## EXTRACTED ENTRIES
=== Begin Enclosure ===
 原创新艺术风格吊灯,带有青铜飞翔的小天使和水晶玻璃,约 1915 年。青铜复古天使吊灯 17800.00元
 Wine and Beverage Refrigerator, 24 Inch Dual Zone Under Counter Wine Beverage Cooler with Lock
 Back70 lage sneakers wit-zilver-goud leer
=== End Enclosure ===
=== Begin Enclosure ===
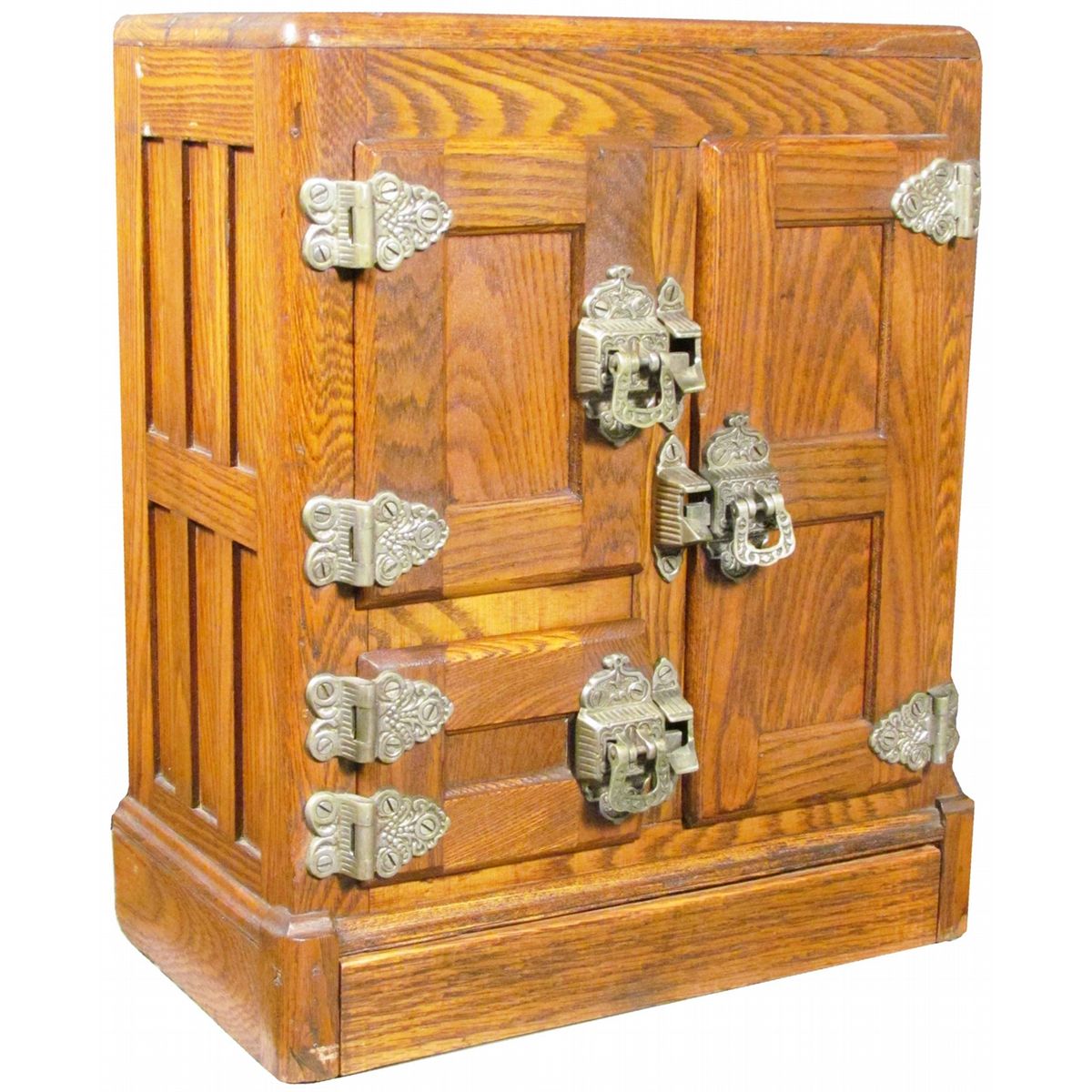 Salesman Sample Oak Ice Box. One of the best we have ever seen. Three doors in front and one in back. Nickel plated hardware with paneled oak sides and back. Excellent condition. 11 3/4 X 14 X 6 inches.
=== End Enclosure ===
=== Begin Enclosure ===
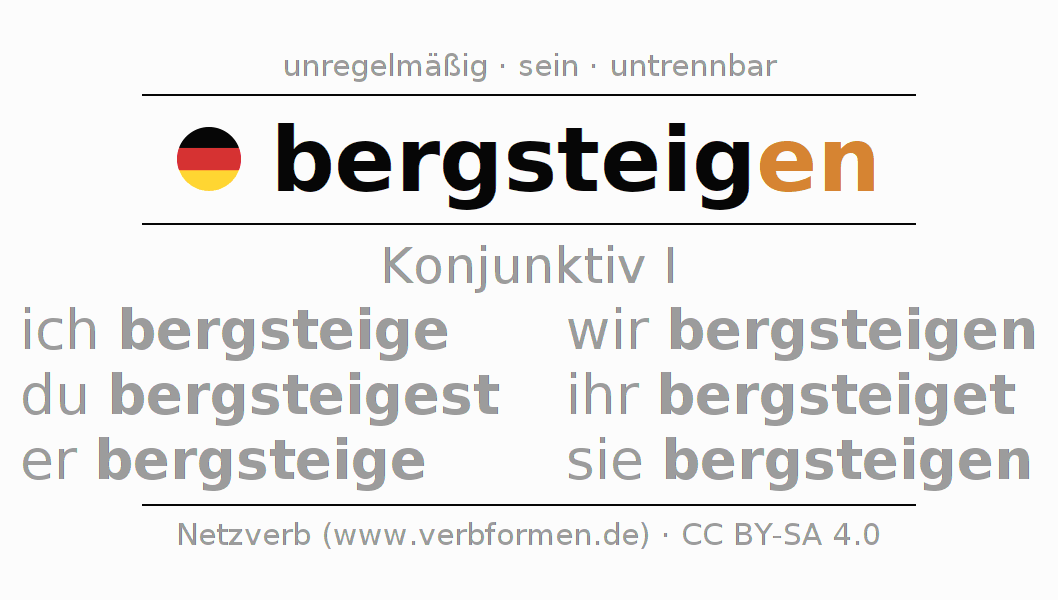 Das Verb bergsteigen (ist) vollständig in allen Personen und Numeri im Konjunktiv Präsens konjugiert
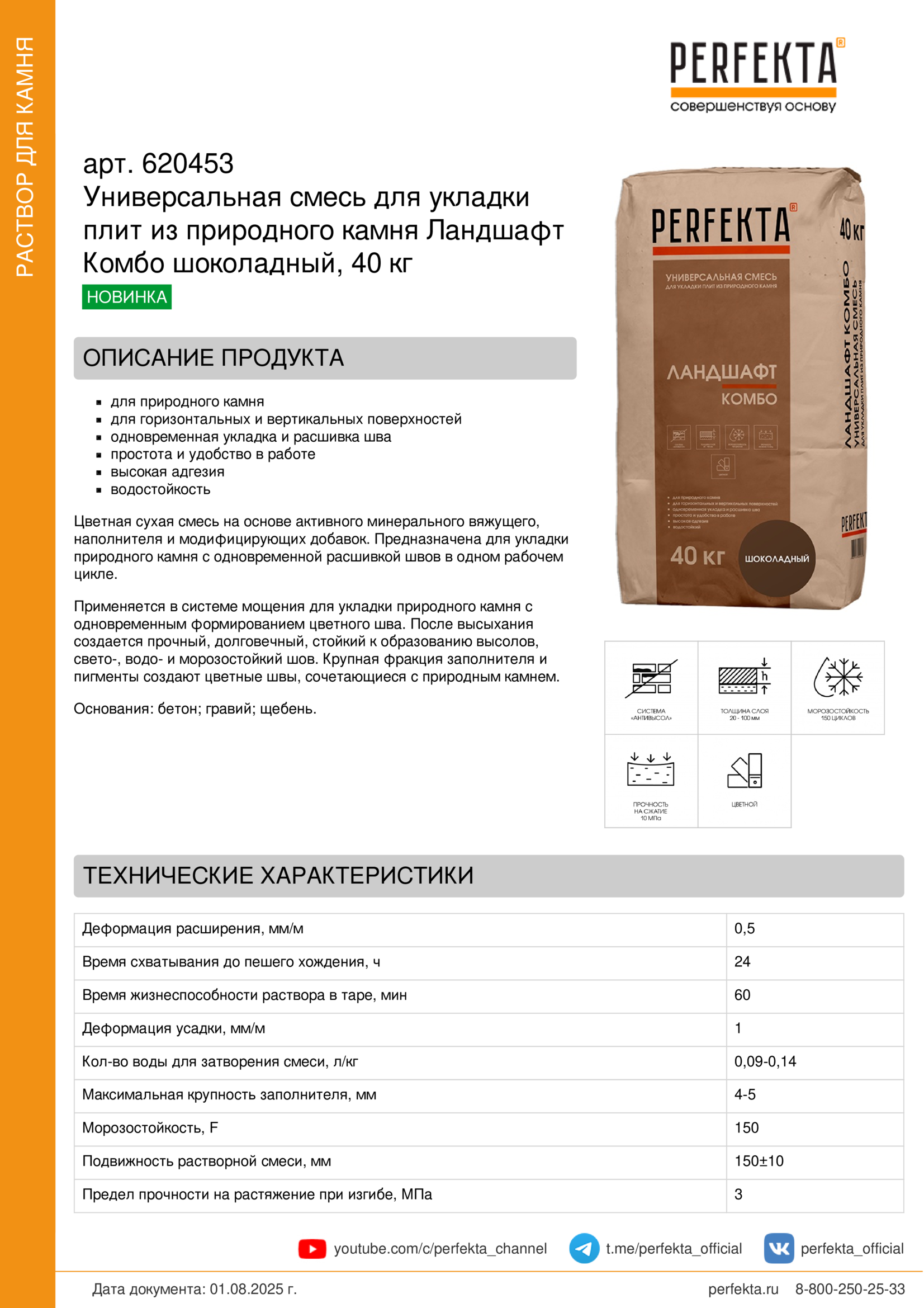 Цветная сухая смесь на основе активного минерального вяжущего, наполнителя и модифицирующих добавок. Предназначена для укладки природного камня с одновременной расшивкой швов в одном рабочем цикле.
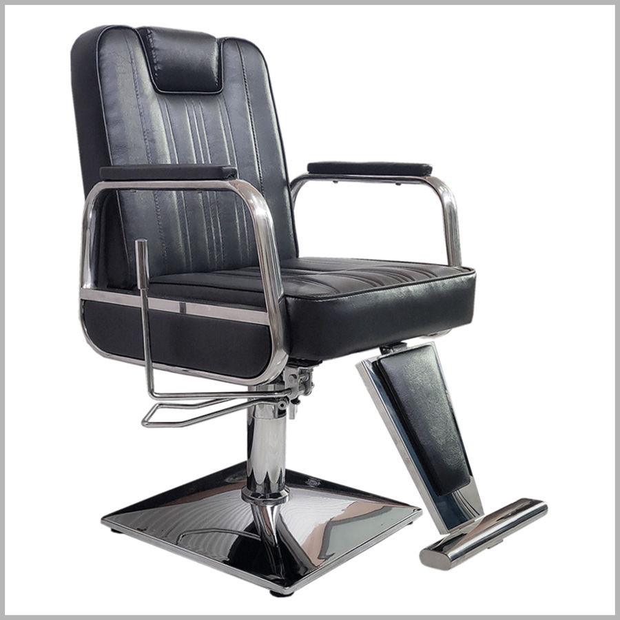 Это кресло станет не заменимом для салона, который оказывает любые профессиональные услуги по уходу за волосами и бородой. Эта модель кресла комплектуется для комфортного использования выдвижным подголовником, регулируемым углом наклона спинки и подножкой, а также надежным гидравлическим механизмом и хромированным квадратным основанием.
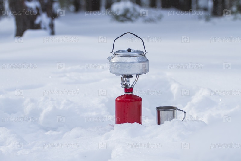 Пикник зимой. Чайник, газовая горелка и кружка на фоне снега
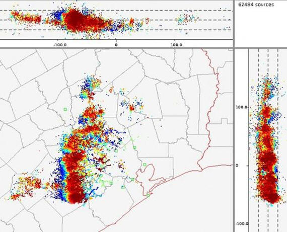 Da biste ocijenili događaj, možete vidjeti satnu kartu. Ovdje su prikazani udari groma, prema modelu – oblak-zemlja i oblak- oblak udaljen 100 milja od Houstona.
=== End Enclosure ===
## WHAT IS REQUIRED
In the listing above, find the line containing "Das Verb bergsteigen" and the line containing "Цветная сухая смесь", then output those two lines and everything between them exactly as written, without the images.

## FINISHED EXERCISE
 Das Verb bergsteigen (ist) vollständig in allen Personen und Numeri im Konjunktiv Präsens konjugiert
 Цветная сухая смесь на основе активного минерального вяжущего, наполнителя и модифицирующих добавок. Предназначена для укладки природного камня с одновременной расшивкой швов в одном рабочем цикле.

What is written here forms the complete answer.